Уверена, таких, как я, были тысячи, уверена, это была информационная служба для одиноких сердец. Воображаю рекламу: «Становись стукачом… мистер Пинкер ни при чем!»
Потом война кончилась, а с ней и работа для женщин на заводах и во флоте. Я уже давно перестала писать в Вашингтон. У меня были проблемы поважнее: чтобы прокормиться, я брала шитье на дом. И однажды, гуляя по берегу океана, я прошла мимо моряка, который сидел на скамейке. У него на коленях лежала книга обложкой вверх, как фиговый листок, а сам он безотрывно смотрел на море.
Я почти ничего не знала о мужчинах и очень удивилась, увидев на красивом квадратном лице такое отчаяние. Я узнала его. Это мальчик, который держал меня за руку до самого Чилдресса, который отдал мне, хотя бы ненадолго, свое сердце. Холланд Кук.
Я поздоровалась.
– О, привет, Сара, как себя чувствует собака? – дружелюбно отозвался он. Ветер стих, словно, как и Холланд, не узнавал меня. Меня зовут не Сара.
На какое-то время мы застыли в устрично-сером воздухе: его улыбка медленно гаснет, моя рука придерживает у горла лацкан пальто, яркая косынка полощется на ветру, а в животе нарастает тошнота. Я могла двинуться дальше, просто уйти – он никогда бы не узнал, кто я такая. Просто какая-то странная девушка, растворившаяся в тумане.
Вместо этого я назвала свое имя.
Тут ты меня узнал, правда, Холланд? Свою детскую любовь. Перли, которая читала тебе стихи, которую твоя мать учила играть на пианино, – так мы познакомились во второй раз. Внезапное воспоминание о доме, открывшееся как книжка-игрушка. Мы поболтали, он даже немножко рассмешил меня, а когда я сказала, что мне не с кем пойти в пятницу в кино, и спросила, не хочет ли он, он ненадолго замолчал, а потом посмотрел на меня и тихо сказал: «Хорошо».

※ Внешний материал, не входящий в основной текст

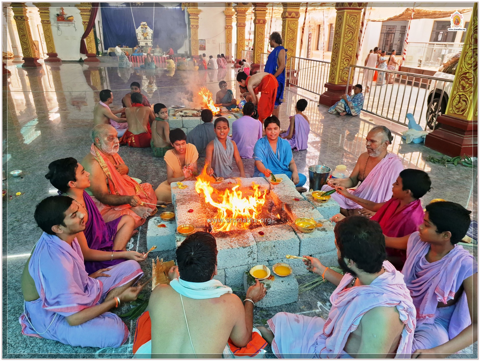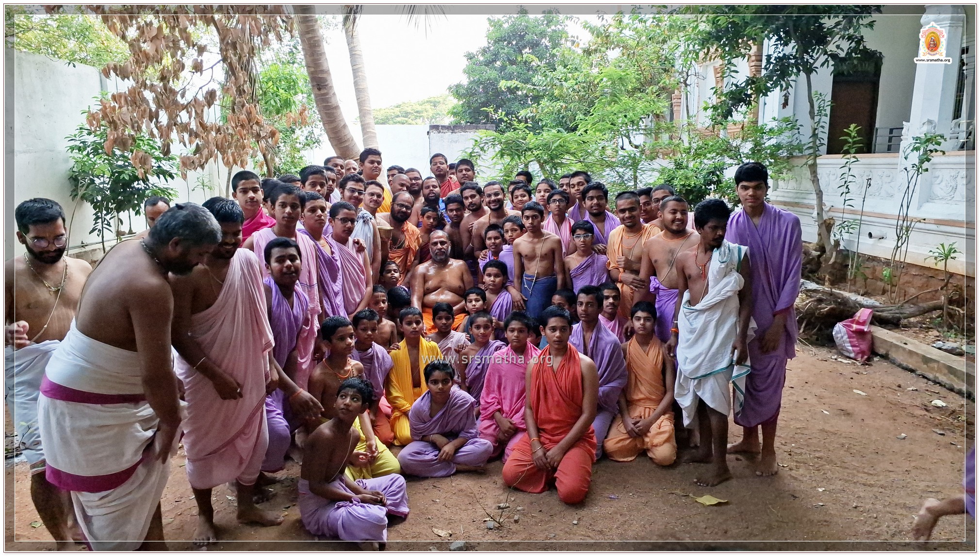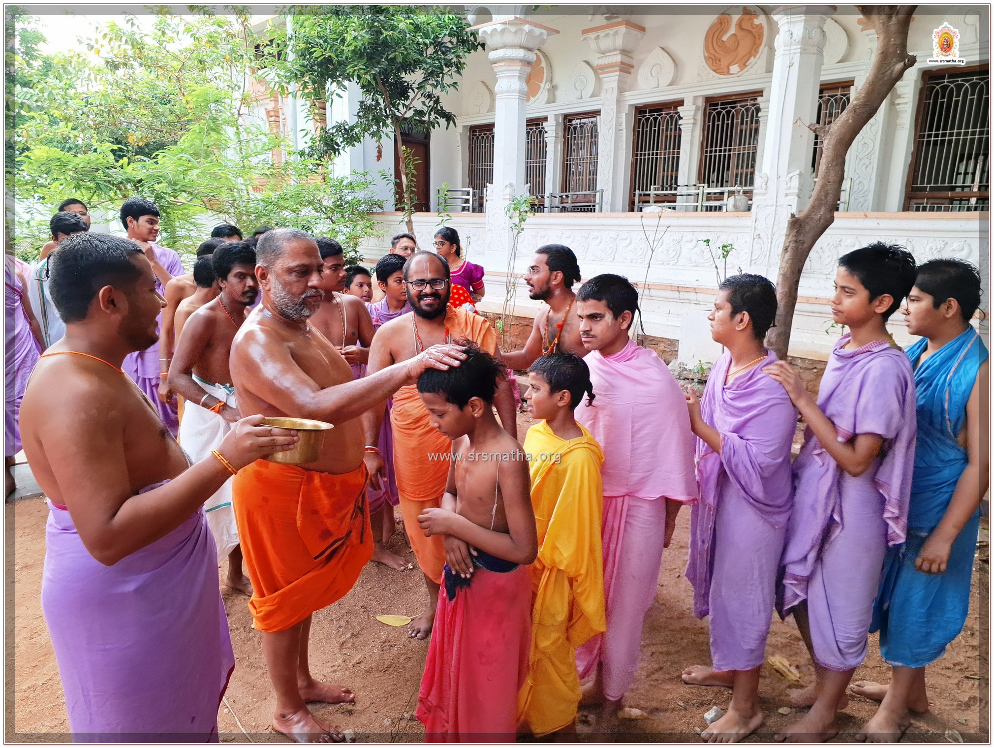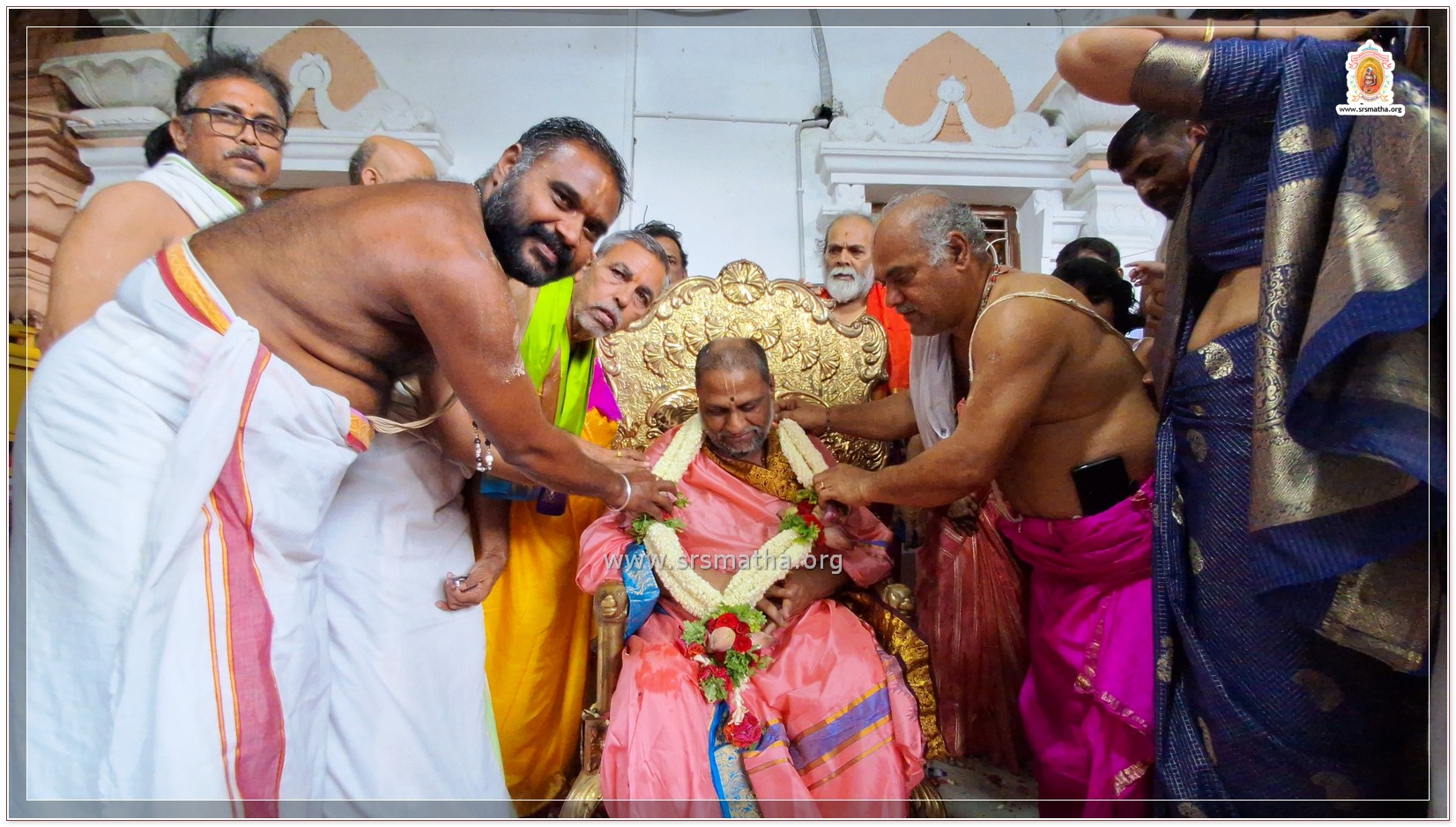 In the morning, Taila Abhyangana and Aarati were performed to H.H. Sri Swamiji by the students of SGS Vidyapeetha. The staff of Sri Mutt offered Guruvandana and Pushpavrushti in reverence.

Возникнув тем вечером на пороге моего общежития, он меня шокировал. Тусклая лампочка освещала измученного мужчину с пепельно-серой кожей, со шляпой в руках и в небрежно повязанном галстуке. Спустя много лет он утверждал, что не помнит даже, во что он и я были в тот вечер одеты: «Кажется, в зеленое платье?» Нет, Холланд, в белое с черными розами, этот рисунок увековечен в моей памяти рядом с рисунком обоев нашего медового месяца (бледно-зеленые гирлянды). Я решила, что он, наверное, пьян, и испугалась, что он сейчас рухнет, но он улыбнулся и предложил взять его под руку, а после кино повел меня в хороший ресторан в Норт-бич. За ужином он почти не ел и не говорил. Он и смотрел-то на меня еле-еле и не замечал, как на нас глазеют другие посетители. Сам он неподвижно смотрел на двух чугунных собак, сидевших перед незажженным камином. Так что, когда мы доехали на трамвае до моей остановки и пришла пора прощаться, я удивилась тому, что он быстро повернулся и поцеловал меня в губы. Меня пронзил электрический импульс счастья. Он шагнул назад, часто дыша, и застегнул пиджак, собираясь уходить.

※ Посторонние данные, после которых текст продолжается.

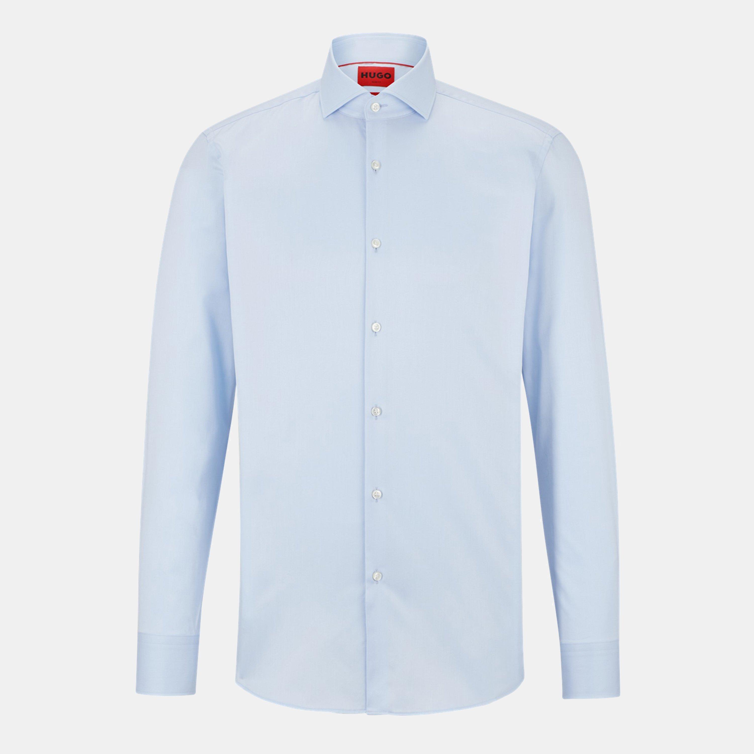 A versatile shirt by HUGO Menswear, topped with a modern spread collar. Ideal for any occasion from business to formal events, this long-sleeved shirt is cut to a streamlined fit in pure-cotton twill for a refined look and feel. The fabric features an easy-iron finish to deliver low-maintenance style and softness against the skin.
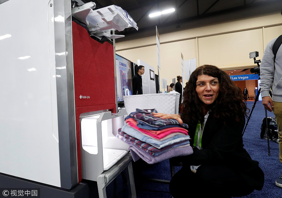 Debbie Cohen-Abravanel, directrice du marketing chez FoldiMate, prend du linge plié d'une plieuse automatique FoldiMate lors du CES Unveiled, le 7 janvier 2018 à Las Vegas. (Photo / VCG)
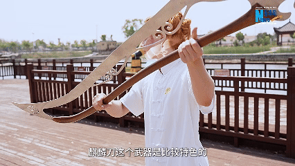 麒麟刀是傳統(tǒng)器械的一種,屬于長(zhǎng)兵器,全套動(dòng)作以劈、砍、斬、撩、掛、挑、勻、掃為主。在可欣的眼中,麒麟刀很大也很重,但動(dòng)作有氣勢(shì),在習(xí)練過(guò)程中體會(huì)到了中華傳統(tǒng)武術(shù)的精神和魅力。
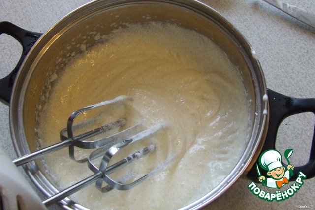 Приготовление крема: Сметану с сахаром взбить до однородной пышной массы.
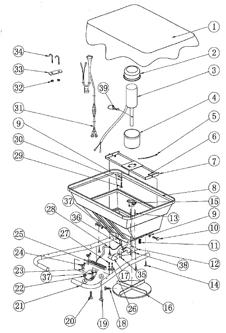 Plastbehållare med maxlast på 36kg. Monteras på ATV:s pakethållare etc. Sprider drygt 3,7 meter. Idealisk för utsäde, gödning, salt etc.
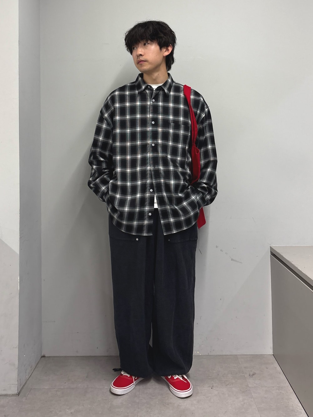 チェックシャツにワッフルパンツ合わせたモノトーンスタイル組みました✌️ 差し色に赤でアクセント🍎 すべてユニセックスで着用可能です‼️
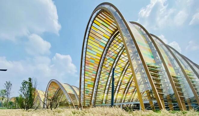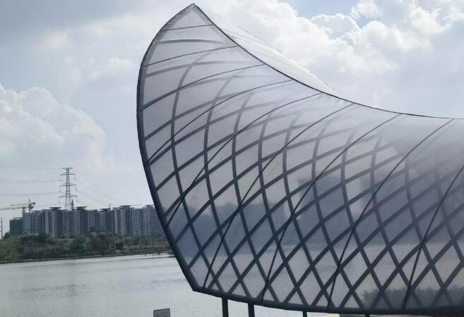 ETFE 膜材的優(yōu)點(diǎn):透光率高(透明膜材可達(dá)90%)、透光透景,色彩豐富(可以各種顏色,而且通過鍍點(diǎn)可以控制透光率和遮陽系數(shù)),柔韌性好,非常適合應(yīng)用于(氣枕式)充氣膜結(jié)構(gòu)形式,以及膜單元板塊面積較小的單層張拉膜。

– У меня встреча с другом, – сказал он отрывисто.
– Холланд, – сказала я.
Он оглянулся, словно я дернула его за ниточку.
– Холланд, – повторила я. Он ждал. И тут я единственный раз в жизни сказала правильную вещь: – Позволь мне о тебе заботиться.
Его глубоко посаженные глаза проснулись. Может быть, он решил, что я хочу напомнить о том, что было в Кентукки, что я протягиваю ему мягкую нить прошлого? Между бровей пролегла темная линия.
– Ты меня не знаешь по-настоящему.
Я ответила, что это неважно, но имела в виду, что он ошибается. Я знала его, конечно же, знала о нем все еще с тех пор, как мы жили в нашем удушающем городке: траву позади школьного двора, в которую мы тыкали палками, дорогу от Франклина до Чилдресса сквозь заросли ведьмина ореха, недотроги и ипомеи, лед, дрожащий в летнем кувшине лимонада, который делала его мама, – утраченный мир, который помнила только я. Здесь мы были так далеко от дома. Куда никогда не сможем вернуться. Кто может знать его лучше меня?
Я действовала инстинктивно. Я хотела только, чтобы он не сходил с тех блестящих трамвайных рельсов.
– Позволь мне снова о тебе заботиться.
– Ты серьезно?
– Знаешь, Холланд, я не целовалась ни с кем, кроме тебя.
– Это неправда. Столько лет прошло, Перли. Столько всего изменилось.
– Я не изменилась.
Он немедленно взял меня за плечо и прижался губами к моим.
Через два месяца, стоя на тех же рельсах, он прошептал:
– Перли, мне очень нужно, чтобы ты за меня вышла.
Он говорил, что я ничего не знаю про его жизнь, и, разумеется, был прав. Но я за него вышла. Он был слишком красив, чтобы его потерять, и я любила его.
* * *
В моем муже люди первым делом замечали внешность. Высокий, темнокожий, с обезоруживающей улыбкой, которая, кажется, не может ничего скрывать. Такая непринужденная красота, которую не портят ни усталость, ни болезнь, словно драгоценность, выкованная из золота, – если ее согнуть или расплавить, она все равно останется безупречной, красивой вещью. Вот как я его видела – еще с тех пор, когда девочкой разглядывала его в классе. Но не только я, все остальные видели его так же.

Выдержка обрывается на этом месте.